Since I have quit going out, I’ve found weekend mornings to be valuable and rewarding. I’ve walked into town and enjoyed coffee at the café. I’ve taken trips to Burlington with my friends. I have read books for fun because the full days give me time to enjoy other activities. Hikes, games and trips are all open to me because my days aren’t spent recovering. I wake up at nine o’clock instead of one, clear-headed and awake instead of weary and in pain. 


I don’t think that my choice is to superior to partying. Partying is certainly entertaining and fun, and I have many hilarious stories from parties I’ve attended. What I’m challenging is not partying itself, but the consistent and almost single-minded dedication to going out every weekend. People say that there is nothing to do at Middlebury, and that’s why people drink and party so much. While there are few college-sponsored events, this accusation of a lack of things to do is just wrong. There might be nothing to do at night — but a full day opens up a wealth of opportunities.

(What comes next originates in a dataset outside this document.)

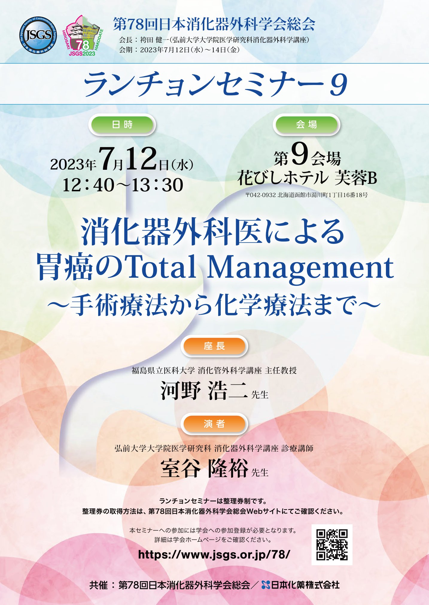 ランチョンセミナー9 消化器外科医による胃癌のTotal Management~ 手術療法から化学療法まで ~ 2023年7月12日(水) 12:40 - 13:30 第9会場 | 花びしホテル 2階 芙蓉B 共催:日本化薬株式会社 |
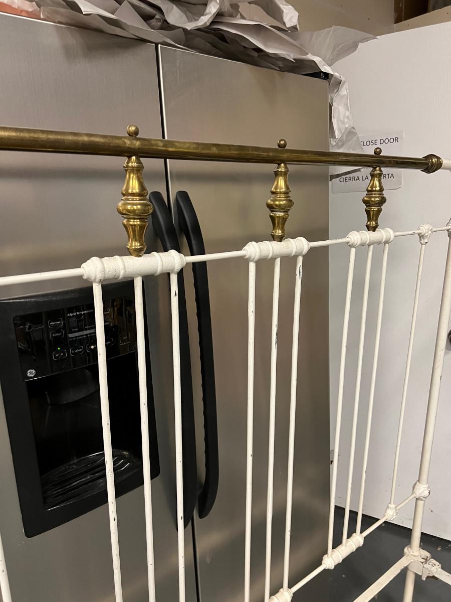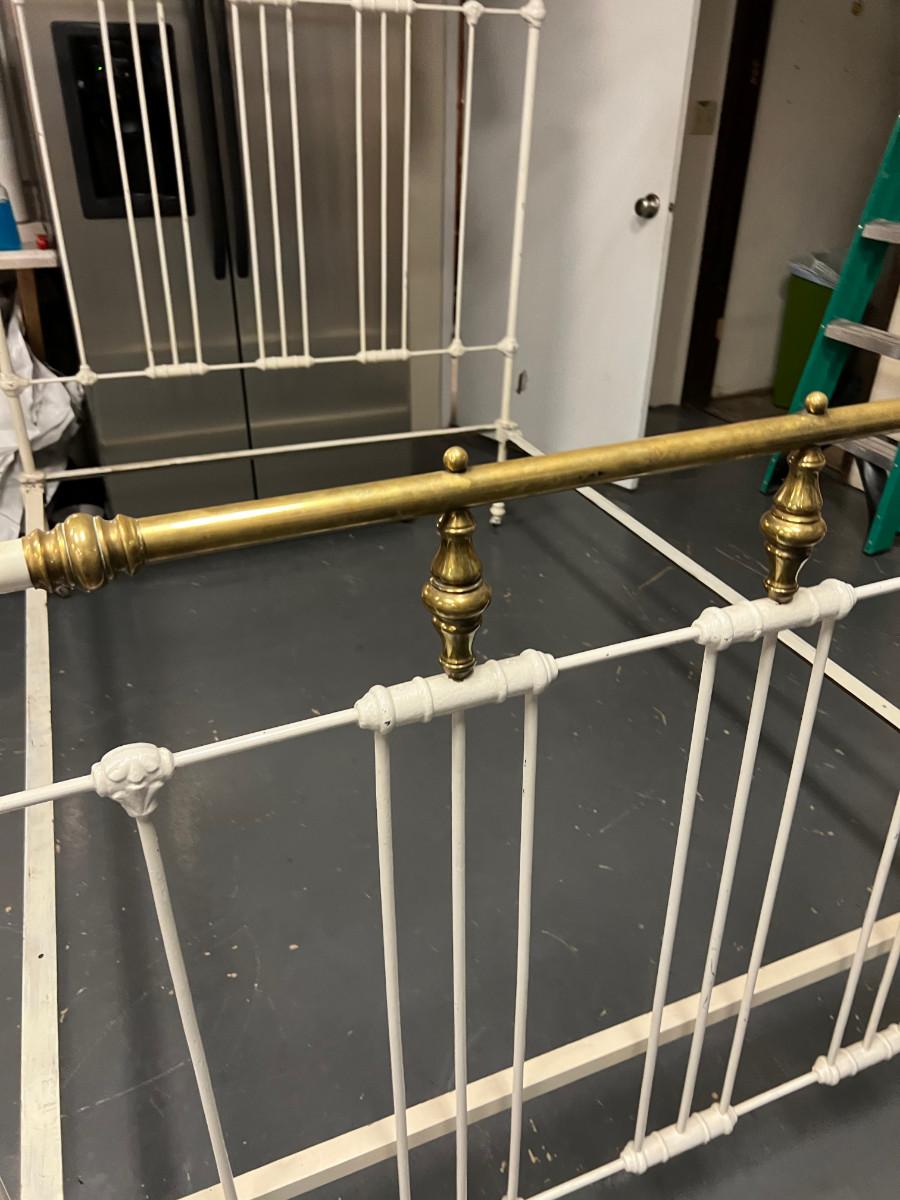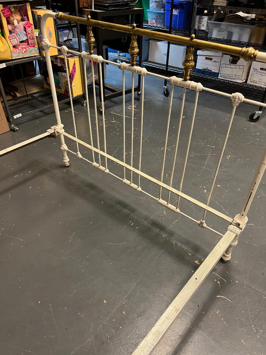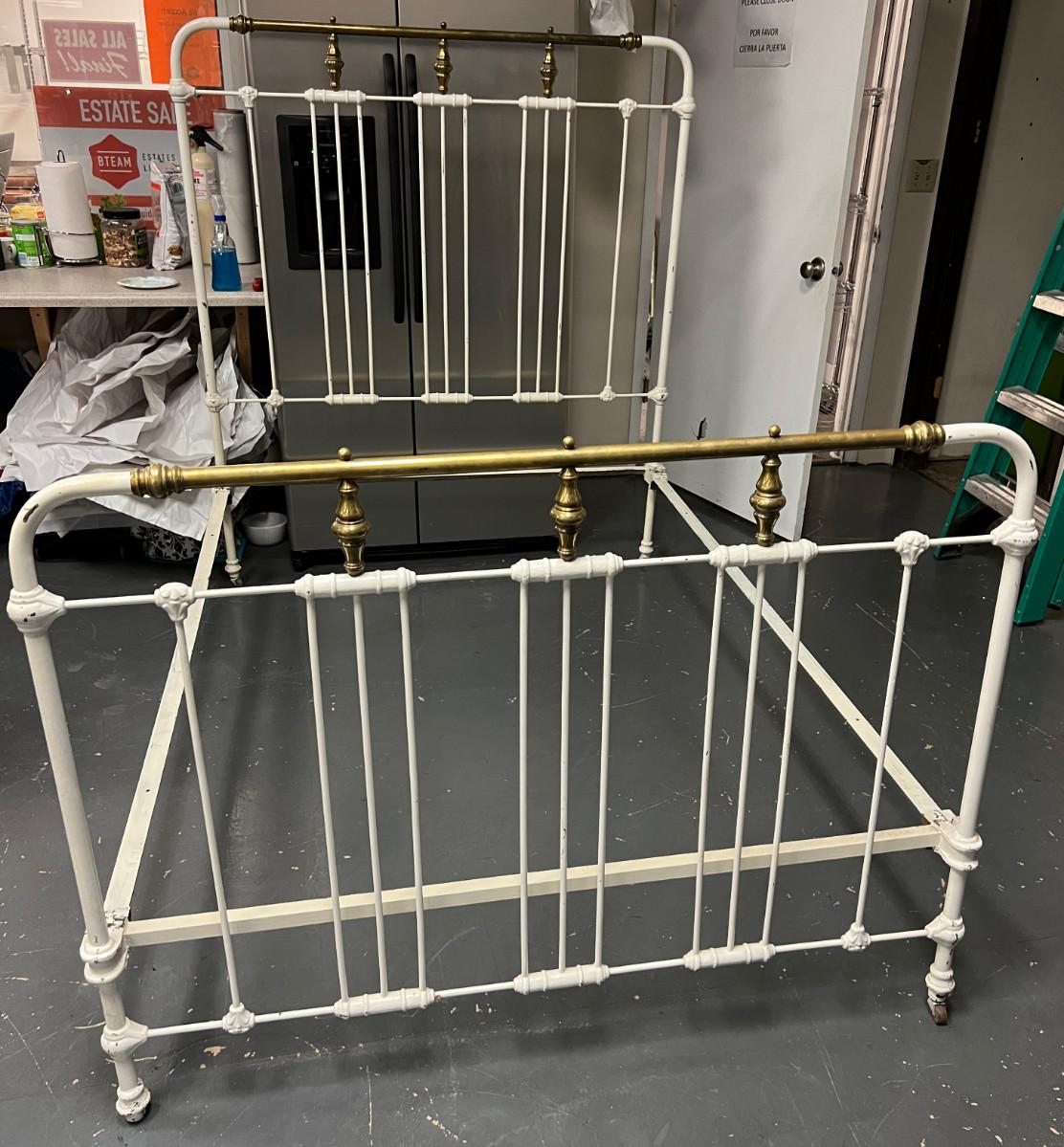 Heavy Authentic Brass Bed! Good Condition. Needs a wheel on one corner of foot board 54" Wide X 76" Long

I challenge the students of Middlebury not to go out for a weekend. Wake up early, walk outside and breathe in the fresh air. Go get some food in town. Play a pickup game of football with your friends. Read a novel, write a poem or pick up a hobby. Get some friends together and cook dinner for yourselves and then play a board game. 


Find the opportunities to forge truer, deeper connections with people. Take a risk and don’t party one weekend. Drinking and partying are not the only things to do here. Choosing not to party has made me happier and has allowed me to find my best friends at this school. 


It is time to ask ourselves if partying is something we want to steadfastly protect. It is time to challenge ourselves to fill our time meaningfully and differently.